A few years back Toby Young, who confessed he had rarely visited a theatre and could scarcely find his way to the National, was made critic of The Spectator after the late Sheridan Morley was ousted from the post. The message from all these editorial decisions seems to be that anyone can whistle: critics are today among the least respected members of a despised profession, the fourth estate.

And newspapers are running scared they may disappear altogether. They have done little enough to bring on new talent or find ways of encouraging better and more thoughtful reporting. The Guardian in its reduced Berliner format can only generally these days allow 350 words max for most theatre and opera reviews – and it is supposed to be the cream of our cultural coverage. Tabloids are considered more convenient and digestible.

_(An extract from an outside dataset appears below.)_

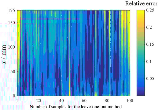Relative error of the specimen surface by the leave-one-out cross-validation strategy.

Everybody is so busy with all the choice, they do not have time to read anything much in detail

Looking for talent

Britain’s got talent, they say. But apparently it does not need to be trained or experienced or paid for. The amateurisation of national culture proceeds apace. What’s wrong with having a decent radio presenter transform herself into a balanced judge of London theatre? Why not have Alan Titchmarsh as television presenter of choice, whether or not he knows anything about what he’s presenting?

David Attenborough doesn’t just think about animals. The BBC some years back gave up cultivating specialist radio stars. Now the famous TV faces do all the chatter on steam radio too. Their fame makes them easier to promote and builds bigger audiences.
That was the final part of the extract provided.